- _HOW TO COMPLETE THIS TASK_: A faithful copy of the entries is needed, one that leaves out the pictures.

(EXERCISE INPUT Opens)

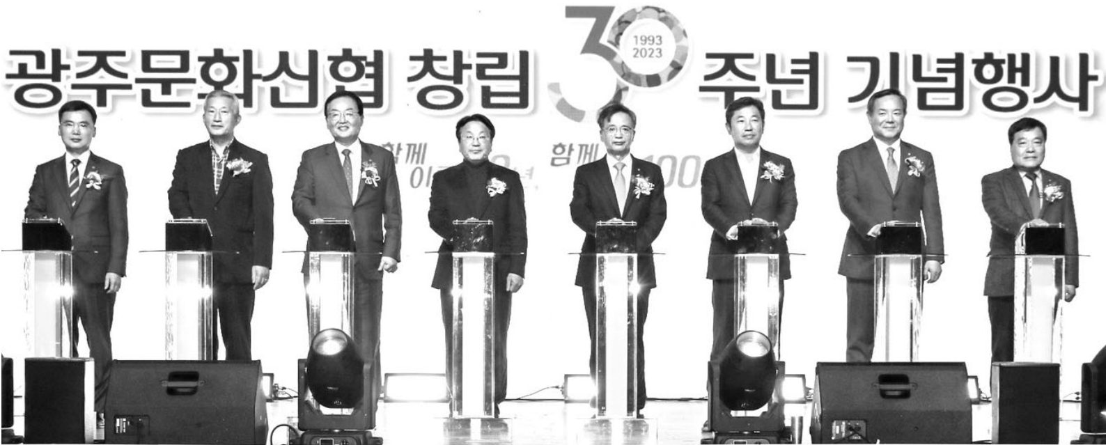
지난 27일 광주문화신탁 창립 30주년 기념식에 참가한 내빈들이 기념촬영을 갖고 있다.

기초연금 전체 수급률은 66.4%, 전체 평균 수급액은 25.2만원이었지만, 1인 가구의 수급률은 77.6%, 수급액은 28.2만원에 달했다. 특히 여성(79.9%), 농어촌(85.2%) 가구의 기초연금 수급률이 높았다. 1인 가구의 자산 수준은 소득보다 더 낮았다. 1인 가구 중 소득 1분위(하위 20%) 비율은 18.6%였지만, 자산 1분위 비율은 43.6%에 달했다. 이는 부동산 등 자산 축적을 아직 하지 못한 청년층 1인 가구 등이 많은 영향으로 분석된다. 1인 가구는 전체 평균보다 국민연금 가입률이 더 높았지만, 수급액은 높지 않은 수준이었다. 특히 1인 여성과 75세 이상 가구의 연금 수준이 저조했다. /연합뉴스
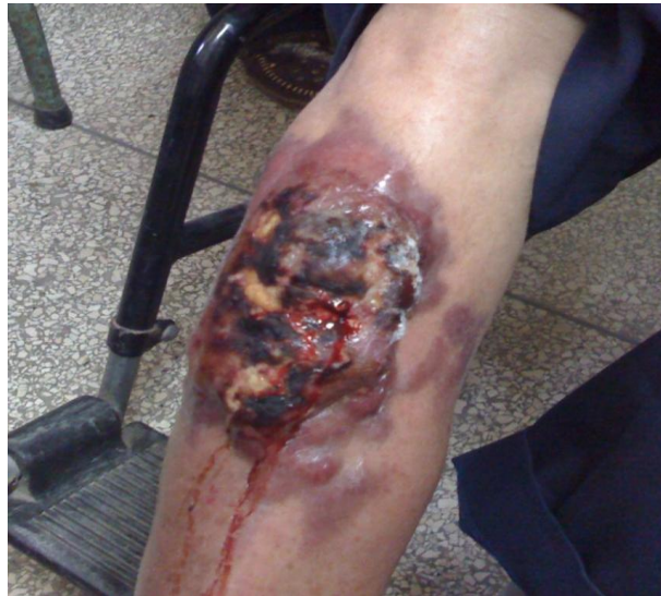
Fig. 1. Carcinoma de células de Merkel . La superficie mamelonada, sangrante, con área necrótica

Extremidades: en cara anterior de Miembro Inferior Derecho (MID), lesión en placa, de bordes bien definidos, de más menos 10 cm, con lesiones nodulares pequeñas que confluyen hacia el centro y tendencia a formar un cráter central de color negruzco con restos necróticos (fig. 1).
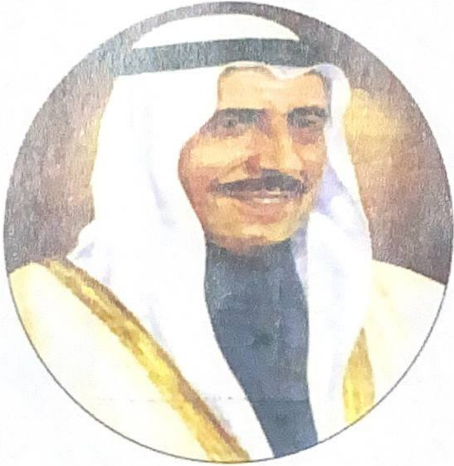
شكل رقم (٢٤)

يعتبر الشيخ صباح السالم أول ولي للعهد في تاريخ دولة الكويت، حيث عين في هذا المنصب بموجب مرسوم أميري صدر في ٣٠ أكتوبر ١٩٦٢م، وهو الحاكم الثاني بعد استقلال دولة الكويت.
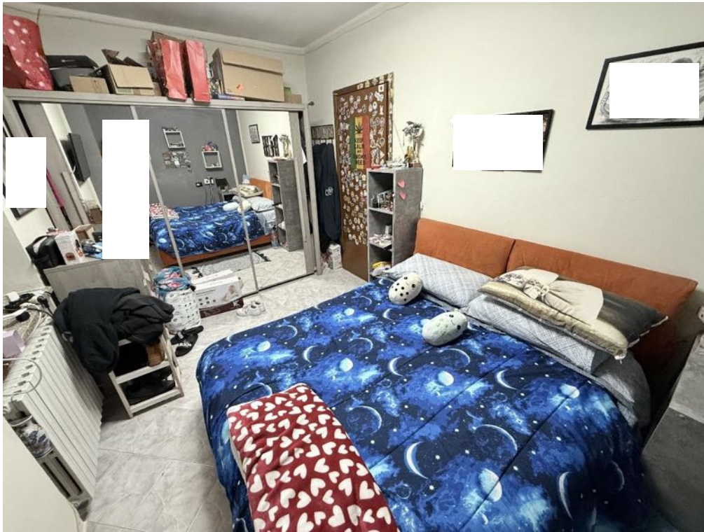
Piano Primo - Appartamento - Camera 1 (foto 3)
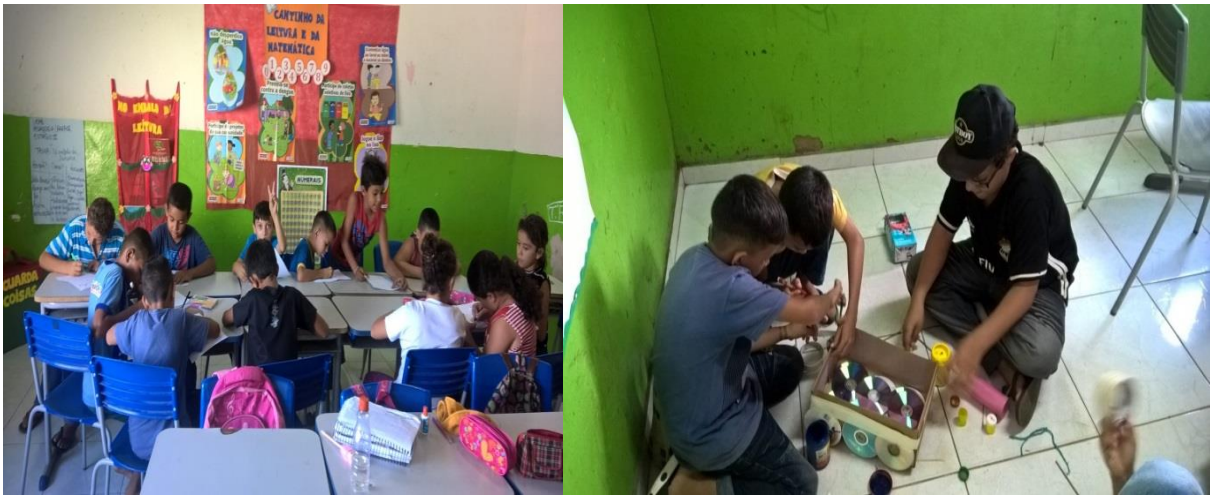
Primeiras atividades realizadas com os alunos do 4º ano, produções textuais e confecção de brinquedos com material reciclado.

(EXERCISE INPUT Closes)

- _ANSWER TO THIS TASK_:
지난 27일 광주문화신탁 창립 30주년 기념식에 참가한 내빈들이 기념촬영을 갖고 있다.

기초연금 전체 수급률은 66.4%, 전체 평균 수급액은 25.2만원이었지만, 1인 가구의 수급률은 77.6%, 수급액은 28.2만원에 달했다. 특히 여성(79.9%), 농어촌(85.2%) 가구의 기초연금 수급률이 높았다. 1인 가구의 자산 수준은 소득보다 더 낮았다. 1인 가구 중 소득 1분위(하위 20%) 비율은 18.6%였지만, 자산 1분위 비율은 43.6%에 달했다. 이는 부동산 등 자산 축적을 아직 하지 못한 청년층 1인 가구 등이 많은 영향으로 분석된다. 1인 가구는 전체 평균보다 국민연금 가입률이 더 높았지만, 수급액은 높지 않은 수준이었다. 특히 1인 여성과 75세 이상 가구의 연금 수준이 저조했다. /연합뉴스
Fig. 1. Carcinoma de células de Merkel . La superficie mamelonada, sangrante, con área necrótica

Extremidades: en cara anterior de Miembro Inferior Derecho (MID), lesión en placa, de bordes bien definidos, de más menos 10 cm, con lesiones nodulares pequeñas que confluyen hacia el centro y tendencia a formar un cráter central de color negruzco con restos necróticos (fig. 1).
شكل رقم (٢٤)

يعتبر الشيخ صباح السالم أول ولي للعهد في تاريخ دولة الكويت، حيث عين في هذا المنصب بموجب مرسوم أميري صدر في ٣٠ أكتوبر ١٩٦٢م، وهو الحاكم الثاني بعد استقلال دولة الكويت.
Piano Primo - Appartamento - Camera 1 (foto 3)
Primeiras atividades realizadas com os alunos do 4º ano, produções textuais e confecção de brinquedos com material reciclado.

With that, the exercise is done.